Olympic athletes competing for gold medals in a world reeling from a pandemic? It won’t be the first time.

A century before the Tokyo Games were postponed because of coronavirus, the Olympics were held in the Belgian city of Antwerp following the Spanish flu pandemic.

The 1920 Games were meant to symbolize a recovery from World War I, not a health crisis. Belgium, a battleground for the opposing powers, was the host country and the five rings of the Olympic flag flew at an opening ceremony for the first time.

“They released doves, although these were not necessarily doves of peace, because these were doves which had served in the war and they were released by military men,” Roland Renson, a Belgian sports historian, told The Associated Press.

Both the pandemic and the war were epitomized by Aileen Riggin, a 14-year-old American diver who won a gold medal.

Riggin first took up competitive swimming after becoming sick with the Spanish flu, and she went on a tour of a World War I battlefield after winning gold in the 3-meter springboard.

She took a German helmet and some bullets as souvenirs, but got a shock when she examined one of the many boots lying in the churned-up mud.

“I picked up one that had a foot in it, so I dropped it in a hurry,” she recalled later.

The coronavirus has blocked Antwerp’s attempt to mark the centenary. A ceremony in March due to feature the King of Belgium and the president of the International Olympic Committee was canceled.

Despite taking place in the wake of a major war, reconciliation at the Antwerp Olympics had its limits. Germany and its wartime allies didn’t compete, nor did Bolshevik-controlled Russia. They weren’t officially banned, simply not invited.

One Swedish figure skater (then in the Summer Olympics before the Winter Games started in 1924) was reportedly forbidden from performing to German music.

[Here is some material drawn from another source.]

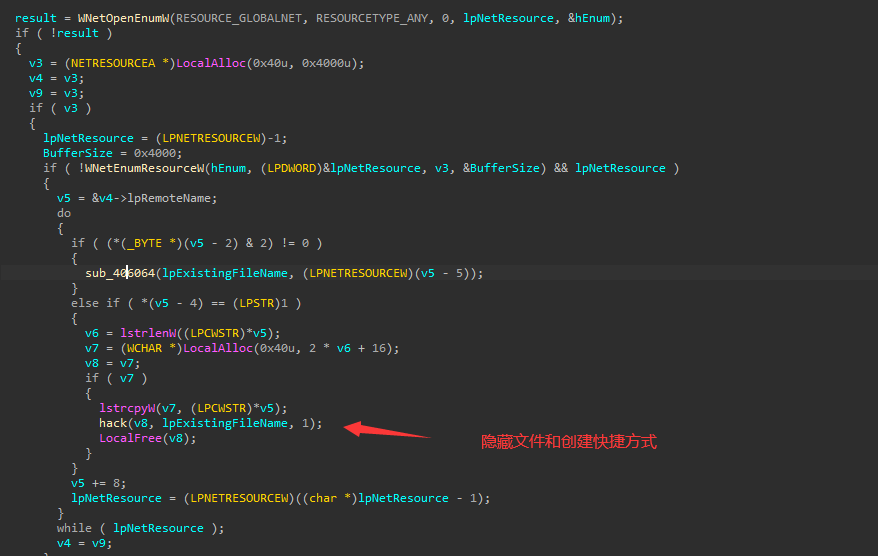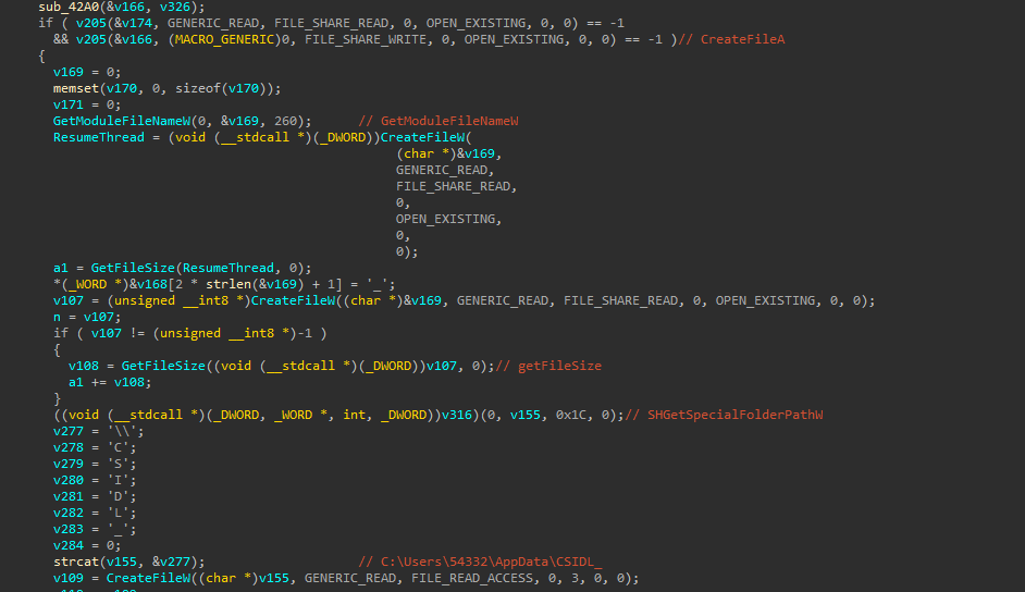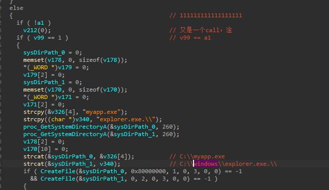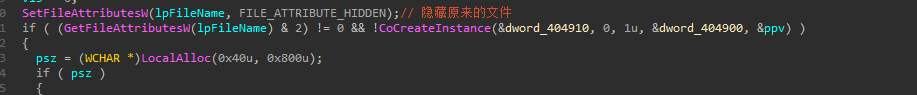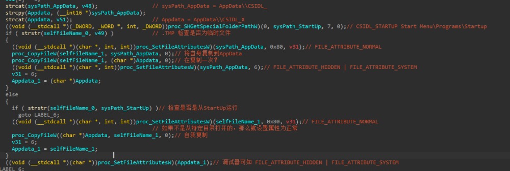 然后检查当前运行的实例是否存在于其中一个目录中,如果不存在则自我复制后,将文件设置为隐藏状态(单独分析shellcode时路径不存在,猜测为主程序创建目录)

There were financial problems, too. Ingenious shortcuts like making a pool from a ditch in the city fortifications Riggin and other athletes hated the cold, dark water helped keep costs down, but the Belgian organizing committee still lost money and left behind unpaid debt.

“Antwerp has never cherished its Olympic heritage because of the debacle,” Renson said.

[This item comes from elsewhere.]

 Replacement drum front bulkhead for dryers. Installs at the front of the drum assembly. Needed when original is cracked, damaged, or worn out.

The postponement of the Tokyo Olympics to 2021 is estimated to cost Japan at least 2 billion.

The Spanish flu swept around the world from 1918 until early 1920, killing an estimated 50 million people, though war and poverty made a precise count impossible.

Older people make up a large share of the coronavirus death toll, but the Spanish flu was a particular threat to younger people. That included the soldiers gathered in often squalid conditions as WWI ended.

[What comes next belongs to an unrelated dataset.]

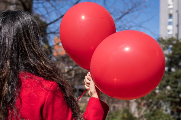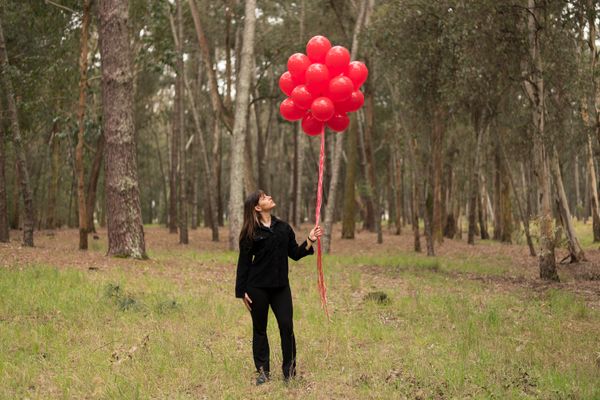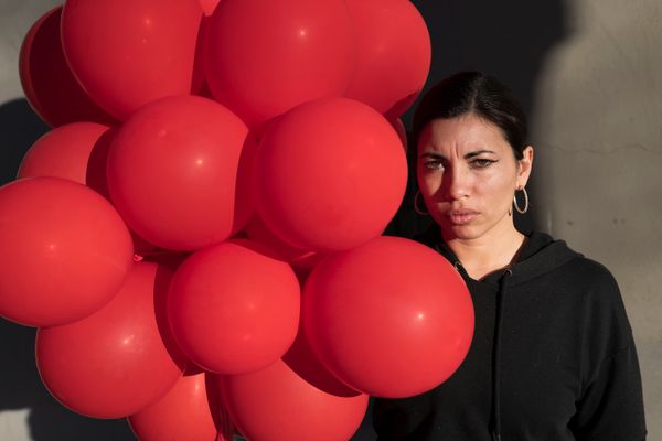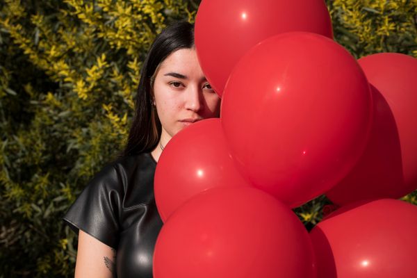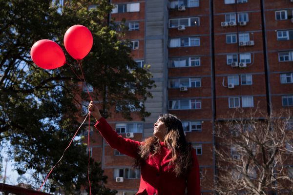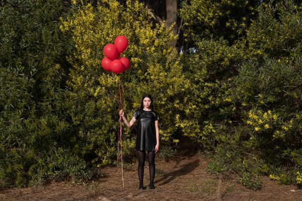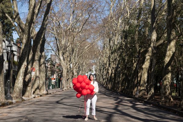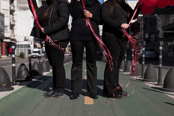 Choreographies of Silence is a collaborative photography project with Uruguayan women that addresses gender violence and resilience, using red helium balloons as a metaphor for time, memory, and collective resistance.

The flu-infected troops in France and Belgium and then hitched a ride when they were demobilized. Parties to welcome soldiers home became infection hot spots.

Seven Olympic athletes are believed to have died from the Spanish flu, according to records provided by Olympic historian and physician Bill Mallon.

They include three WWI veterans as well as Martin Sheridan, a New York policeman who was born in Ireland and won gold medals for the United States in the discus and shot put over multiple early Olympics.

“This flag dips to no earthly king,” Sheridan reportedly said at the 1908 London Olympics when the U.S. team refused to lower its flag in a sign of respect to the British royal family.

The comment was first published decades later and its veracity is disputed, but the United States continues the tradition of not dipping the flag at Olympic ceremonies.

Mallon and other researchers have identified 48 cases of COVID-19 among Olympians, with 19 deaths attributed to the disease.

For Belgium, the Spanish flu was another setback to rebuilding after the devastation of WWI. However, Renson said he has not found any direct impact from the pandemic on Olympic preparations.

The Antwerp Olympics were meant to mark new beginnings, but many traditions from before the war remained.

Athletes had to be amateurs, but that rule often meant mediocre competitions between wealthy gentlemen. Working-class people were alienated and many events were poorly attended, with the exception of soccer.

Belgians loved cycling but snubbed the Olympic races for more exciting professional events, Renson said. Some sailing classes had only one entry, meaning the crew simply had to finish to earn a gold medal.

Times were changing, though. It was the Olympic debut for Finnish distance runner Paavo Nurmi, whose scientific approach to training and race strategy helped him to nine gold medals in his career, including three in Antwerp.

Sports were increasingly a full-time occupation, even if that meant bending the rules on amateurism.

“The American rowing team, these were all Navy men and they trained every day. So you can ask questions whether they were amateurs or not,” Renson said.

“Amateurism was a means to exclude working-class people, simple as that. Paavo Nurmi was not a saint. He was a pure professional.”

The 1920 Olympics excluded many women, too. Two years later, female athletes staged their own breakaway Women’s Olympic Games. That eventually forced the International Olympic Committee to move closer to gender equality.

Many Olympic champions from 1920 are little remembered today, but the games were a symbolic resurrection of sports in adversity.

“In a minimum of time, they organized the games, but they were relatively improvised games,” Renson said.

“They had to do it with the means they had at their disposal, and they were at that time far from abundant in a city so heavily hit by war.